The task: Set down the entries exactly as they appear, apart from the images, which stay out.

______________________________

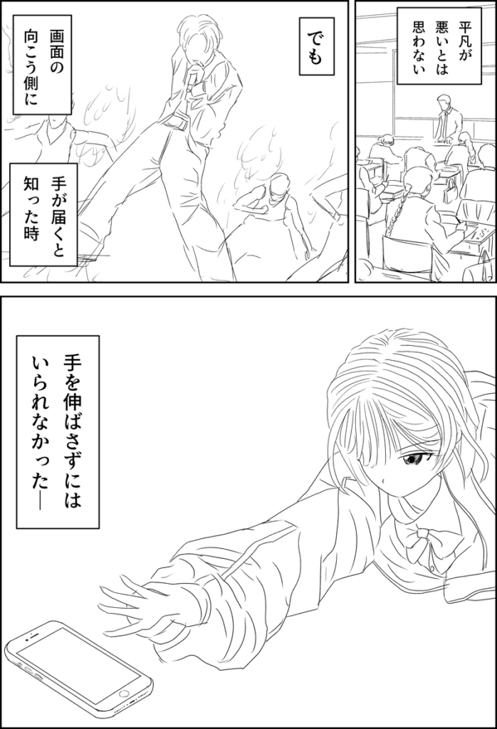 が、もうコマ割りや台詞が変化することはないので、線画に入ります。
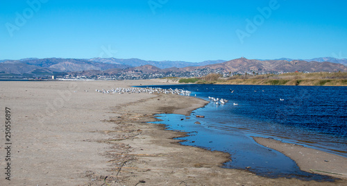Seagulls on narrow isthmus of sand where the Santa Clara river bird preserve meets the beach at Surfers Knoll beach in Ventura California United States
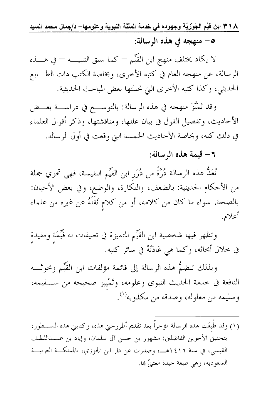 وبذلك تنضمُّ هذه الرسالة إلى قائمة مؤلفات ابن القَيِّم وبحوثه النافعة في خدمة الحديث النبوي وعلومه، وتَمْيِيز صحيحه من سقيمه، وسليمه من معلوله، وصدقه من مكذوبه1.
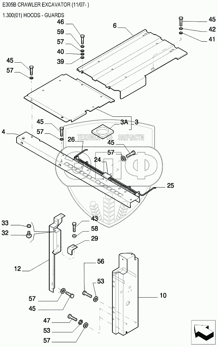 Каталог запасных частей к технике: New Holland Экскаватор E305B. Элементы облицовочные
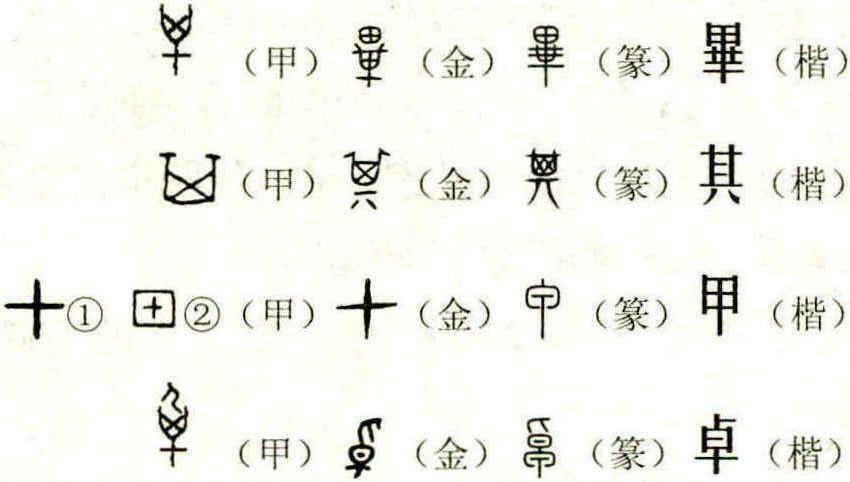 “其”甲骨文作“ ”,是甲骨文“ ”的本字,只是“ ”在參與組字時少了一些贅飾。“其”從凵,從乂會意。“凵”音坎,八卦中為水,置物為受器;“乂”(音義),是一個旋轉中的“十”,具運動變化之意❶。 “其”甲骨文時就用於: (1)表示疑問語氣的副詞,“其至于丁亥雨?” (2)第三人稱的代詞,“土方其敦乎。” (3)表示將要的助詞,“今日告其步于父丁一牛”等。 金文的“其”( ),給“ ”下增加少陽符號“⚎”,為意音字。 少陽,陰中之陽,為東方,為春木,為發生。 如果說“ ”是內因運動變化的根據的話,那麼“⚎”就是給“ ”增加運動變化的外因條件,“其”的以形表意的視覺符號大概就是這樣完滿的。小篆作“ ”,給“ ”增畫不說,將少陽符號轉換為“丌”(ㄐ丨 )仍為意音字。楷書作“其”。“其”的本意是: (1)具體意義上,使得置物起到變化的器具; (2)抽象意義上,弘旨一切變化著的動態事物。 (3)其是世間一切事物的善變之端。其所指的廣泛性,真有點“本是大籮筐,事事都能裝”的味道。 正因為它在抽象意義上所指的廣泛性,它的用武之地多在文字表意的詞語上: 音歧(ㄑ) (1)代詞。《詩經·周南·桃夭》:“桃之夭夭,灼灼其華;之子于歸,宜其室家。” (2)連詞。韓愈《馬說》:“其真無馬邪?其真不知馬也!” (3)副詞。《中山狼傳》:“先生其此類乎?” (4)助詞。《詩經·邶風·北風》:“北風其涼,雨雪其雱。” 音吉(丩) (5)代詞後的助詞。《詩經·鄭風·羔裘》:“彼其之子,舍命不渝。” (6)疑問後的助詞。《詩經·小雅·庭燎》:“夜如何其?夜未央。” (7)地名人名。 “其”還以其本意異構了許多漢字: 箕:從竹。竹製簸穀之“其”(具)。 簸:從竹,從皮。竹製“其”,簸箕,簸去穀物糠皮的器具。 淇:從水。從淇山流出的水。黃河支流,在今河南北部。 琪:從玉。美玉,古詩云:“因知昭明前,剖石呈清琪。” 萁:從草。“其”指豆杆,曹植《七步詩》:“萁在釜下燃,豆在釜中泣。” 基:從土。土為“其”之本根。《詩經·小雅·南山有臺》:“樂只君子,邦家之基。” 綦:從糸。糸,生殖之脈系。指“其”的蹤跡。 倛:從人。“其”的擬人,特指醜惡的人,《淮南子·精神》:“視毛嬙西施,猶倛醜也。” 唭:從口。 “其”指口吃。 唭㘈,有聲而無辭。 娸:從女。“其”對女的醜化。詆娸,詆毀辱罵。 騏:從馬。“其”指如馬的獸,《司馬相如傳·子虛賦》:“乘遺風而射游騏”。 斯:從斤。斤具解析之義。對“其”的解構,也指“其”中的具體對象。 期:從月。月的朔望“其”為一期。《中庸》:“擇乎中庸,而不能期月守也。” 欺:從欠。欠具用力意。欠對“其”的輕負、騙詐、凌辱。 棋:從木。木製的弈具,《左傳·襄》二五年:“弈者舉棋不定,不勝其耦。” 祺:從示。指“其”的吉祥福澤,《詩經·大雅·行葦》:“壽考維祺,以介景福。” 旗:從。 指“其”迎風招展,飄揚張目。 蜞:從虫。虫名,“其”指水蛭。 麒:從鹿。“其”指像鹿一樣的祥瑞動物。 《說文》:“箕,簸也。 從竹,𠀠象形,下其丌也。 其,籀文箕。”許慎釋其,存在以下舛誤: (1)“箕”根本就不可能成為其的本字,箕是金文,怎麼可能作甲骨文“其”的本字? (2)甲骨文時代的“其”已經用作副詞、助詞、代詞,絲毫沒有用作“箕”的意思,同時那個時候是否有簸箕這樣的農用工具也很難說。據傳農用簸箕是戰國人孫臏創製的,故簸箕行尊孫臏為祖師。 (3)如果說“其”是具體實物的“箕”,上述以“其”所構形的漢字就無從說起。 (4)“𠀠”即“ ”也非象形字,它和凶、囟等的造字是一個系列,為了在書寫上避免相互混淆,才做增畫繁漸的處理,它是地地道道的會意字。甲,甲骨文一期作“十”,二至五期作“ ”。甲骨文❶的“甲”(十)是兩個陽爻的交叉,或者是太陽符號“⚌”的轉換。 後來為了與甲骨文“ ”(七)相區別,增畫作“ ”的。 到金文時“甲”又恢復甲骨文二至五期的形狀。小篆時的“甲”作“甲”是巽卦符號“☴”的轉換,是陰(∧)與陽(丅)交合之狀。“巽”為春夏,位東南,為風木。“甲”是一個發生生長的符號,故十天干中甲乙為木。 “ ”楷書訛作“甲”。甲,殷墟卜辭用作十天干之一第一位,“甲午貞強又歲祖乙。”也用作殷先公王及先妣之廟號,“貞大甲賓于咸。” 甲,郭沫若謂魚鱗之象形(《甲骨文字研究·釋干支》),林義光《文源》曰:“按古作十,不象人頭,甲者皮開裂也,十象其裂文。”《說文》釋“東方之孟,陽氣萌動,從木戴孚甲之象。一曰人頭宜為甲,甲象人頭”,除“東方之孟,陽氣萌動”接近釋義外,其實郭、林、許三位的析形,都是墮入“象形”泥沼的不可自拔。 “十”兩個“一”的相交叉,哲學上是宇宙的標意,豎畫代表時間,橫畫代表空間,“一”萬物之始。“東方之孟,陽氣萌動”,是說十天干中甲乙為木,甲為陽木,故為孟;木在東方,為少陽,代表興起,故謂萌動。《史記·律書》:“甲者,言萬物剖符甲而出也。”《太玄·戾》:“卵之始化謂之孚,草之萌甲亦曰孚,然則孚者物之始化也。”總而言之,“甲”具萌動、興起、孵化和萬物之始的蘊意。 甲,還異構了許多漢字,凡以“甲”所組構的漢字,都具有對“甲”的珍惜、關愛、護佑和對“甲”本意的延伸: 匣:從匚(ㄈㄤ)。匚是貯放物品(財富)的器具。“甲”被藏於匚器之中。俗語:“男人是個笆笆,女人是個匣匣;不怕笆笆沒齒兒,單怕匣
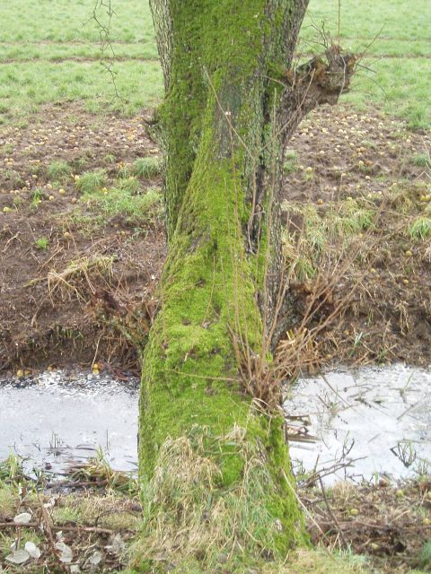 De bemoste stam, met helemaal bij de grond wilde takken en hogerop "beschaafde"uitlopers. Op de grond legio peertjes

______________________________

Task answer:
 が、もうコマ割りや台詞が変化することはないので、線画に入ります。
Seagulls on narrow isthmus of sand where the Santa Clara river bird preserve meets the beach at Surfers Knoll beach in Ventura California United States
 وبذلك تنضمُّ هذه الرسالة إلى قائمة مؤلفات ابن القَيِّم وبحوثه النافعة في خدمة الحديث النبوي وعلومه، وتَمْيِيز صحيحه من سقيمه، وسليمه من معلوله، وصدقه من مكذوبه1.
 Каталог запасных частей к технике: New Holland Экскаватор E305B. Элементы облицовочные
 “其”甲骨文作“ ”,是甲骨文“ ”的本字,只是“ ”在參與組字時少了一些贅飾。“其”從凵,從乂會意。“凵”音坎,八卦中為水,置物為受器;“乂”(音義),是一個旋轉中的“十”,具運動變化之意❶。 “其”甲骨文時就用於: (1)表示疑問語氣的副詞,“其至于丁亥雨?” (2)第三人稱的代詞,“土方其敦乎。” (3)表示將要的助詞,“今日告其步于父丁一牛”等。 金文的“其”( ),給“ ”下增加少陽符號“⚎”,為意音字。 少陽,陰中之陽,為東方,為春木,為發生。 如果說“ ”是內因運動變化的根據的話,那麼“⚎”就是給“ ”增加運動變化的外因條件,“其”的以形表意的視覺符號大概就是這樣完滿的。小篆作“ ”,給“ ”增畫不說,將少陽符號轉換為“丌”(ㄐ丨 )仍為意音字。楷書作“其”。“其”的本意是: (1)具體意義上,使得置物起到變化的器具; (2)抽象意義上,弘旨一切變化著的動態事物。 (3)其是世間一切事物的善變之端。其所指的廣泛性,真有點“本是大籮筐,事事都能裝”的味道。 正因為它在抽象意義上所指的廣泛性,它的用武之地多在文字表意的詞語上: 音歧(ㄑ) (1)代詞。《詩經·周南·桃夭》:“桃之夭夭,灼灼其華;之子于歸,宜其室家。” (2)連詞。韓愈《馬說》:“其真無馬邪?其真不知馬也!” (3)副詞。《中山狼傳》:“先生其此類乎?” (4)助詞。《詩經·邶風·北風》:“北風其涼,雨雪其雱。” 音吉(丩) (5)代詞後的助詞。《詩經·鄭風·羔裘》:“彼其之子,舍命不渝。” (6)疑問後的助詞。《詩經·小雅·庭燎》:“夜如何其?夜未央。” (7)地名人名。 “其”還以其本意異構了許多漢字: 箕:從竹。竹製簸穀之“其”(具)。 簸:從竹,從皮。竹製“其”,簸箕,簸去穀物糠皮的器具。 淇:從水。從淇山流出的水。黃河支流,在今河南北部。 琪:從玉。美玉,古詩云:“因知昭明前,剖石呈清琪。” 萁:從草。“其”指豆杆,曹植《七步詩》:“萁在釜下燃,豆在釜中泣。” 基:從土。土為“其”之本根。《詩經·小雅·南山有臺》:“樂只君子,邦家之基。” 綦:從糸。糸,生殖之脈系。指“其”的蹤跡。 倛:從人。“其”的擬人,特指醜惡的人,《淮南子·精神》:“視毛嬙西施,猶倛醜也。” 唭:從口。 “其”指口吃。 唭㘈,有聲而無辭。 娸:從女。“其”對女的醜化。詆娸,詆毀辱罵。 騏:從馬。“其”指如馬的獸,《司馬相如傳·子虛賦》:“乘遺風而射游騏”。 斯:從斤。斤具解析之義。對“其”的解構,也指“其”中的具體對象。 期:從月。月的朔望“其”為一期。《中庸》:“擇乎中庸,而不能期月守也。” 欺:從欠。欠具用力意。欠對“其”的輕負、騙詐、凌辱。 棋:從木。木製的弈具,《左傳·襄》二五年:“弈者舉棋不定,不勝其耦。” 祺:從示。指“其”的吉祥福澤,《詩經·大雅·行葦》:“壽考維祺,以介景福。” 旗:從。 指“其”迎風招展,飄揚張目。 蜞:從虫。虫名,“其”指水蛭。 麒:從鹿。“其”指像鹿一樣的祥瑞動物。 《說文》:“箕,簸也。 從竹,𠀠象形,下其丌也。 其,籀文箕。”許慎釋其,存在以下舛誤: (1)“箕”根本就不可能成為其的本字,箕是金文,怎麼可能作甲骨文“其”的本字? (2)甲骨文時代的“其”已經用作副詞、助詞、代詞,絲毫沒有用作“箕”的意思,同時那個時候是否有簸箕這樣的農用工具也很難說。據傳農用簸箕是戰國人孫臏創製的,故簸箕行尊孫臏為祖師。 (3)如果說“其”是具體實物的“箕”,上述以“其”所構形的漢字就無從說起。 (4)“𠀠”即“ ”也非象形字,它和凶、囟等的造字是一個系列,為了在書寫上避免相互混淆,才做增畫繁漸的處理,它是地地道道的會意字。甲,甲骨文一期作“十”,二至五期作“ ”。甲骨文❶的“甲”(十)是兩個陽爻的交叉,或者是太陽符號“⚌”的轉換。 後來為了與甲骨文“ ”(七)相區別,增畫作“ ”的。 到金文時“甲”又恢復甲骨文二至五期的形狀。小篆時的“甲”作“甲”是巽卦符號“☴”的轉換,是陰(∧)與陽(丅)交合之狀。“巽”為春夏,位東南,為風木。“甲”是一個發生生長的符號,故十天干中甲乙為木。 “ ”楷書訛作“甲”。甲,殷墟卜辭用作十天干之一第一位,“甲午貞強又歲祖乙。”也用作殷先公王及先妣之廟號,“貞大甲賓于咸。” 甲,郭沫若謂魚鱗之象形(《甲骨文字研究·釋干支》),林義光《文源》曰:“按古作十,不象人頭,甲者皮開裂也,十象其裂文。”《說文》釋“東方之孟,陽氣萌動,從木戴孚甲之象。一曰人頭宜為甲,甲象人頭”,除“東方之孟,陽氣萌動”接近釋義外,其實郭、林、許三位的析形,都是墮入“象形”泥沼的不可自拔。 “十”兩個“一”的相交叉,哲學上是宇宙的標意,豎畫代表時間,橫畫代表空間,“一”萬物之始。“東方之孟,陽氣萌動”,是說十天干中甲乙為木,甲為陽木,故為孟;木在東方,為少陽,代表興起,故謂萌動。《史記·律書》:“甲者,言萬物剖符甲而出也。”《太玄·戾》:“卵之始化謂之孚,草之萌甲亦曰孚,然則孚者物之始化也。”總而言之,“甲”具萌動、興起、孵化和萬物之始的蘊意。 甲,還異構了許多漢字,凡以“甲”所組構的漢字,都具有對“甲”的珍惜、關愛、護佑和對“甲”本意的延伸: 匣:從匚(ㄈㄤ)。匚是貯放物品(財富)的器具。“甲”被藏於匚器之中。俗語:“男人是個笆笆,女人是個匣匣;不怕笆笆沒齒兒,單怕匣
 De bemoste stam, met helemaal bij de grond wilde takken en hogerop "beschaafde"uitlopers. Op de grond legio peertjes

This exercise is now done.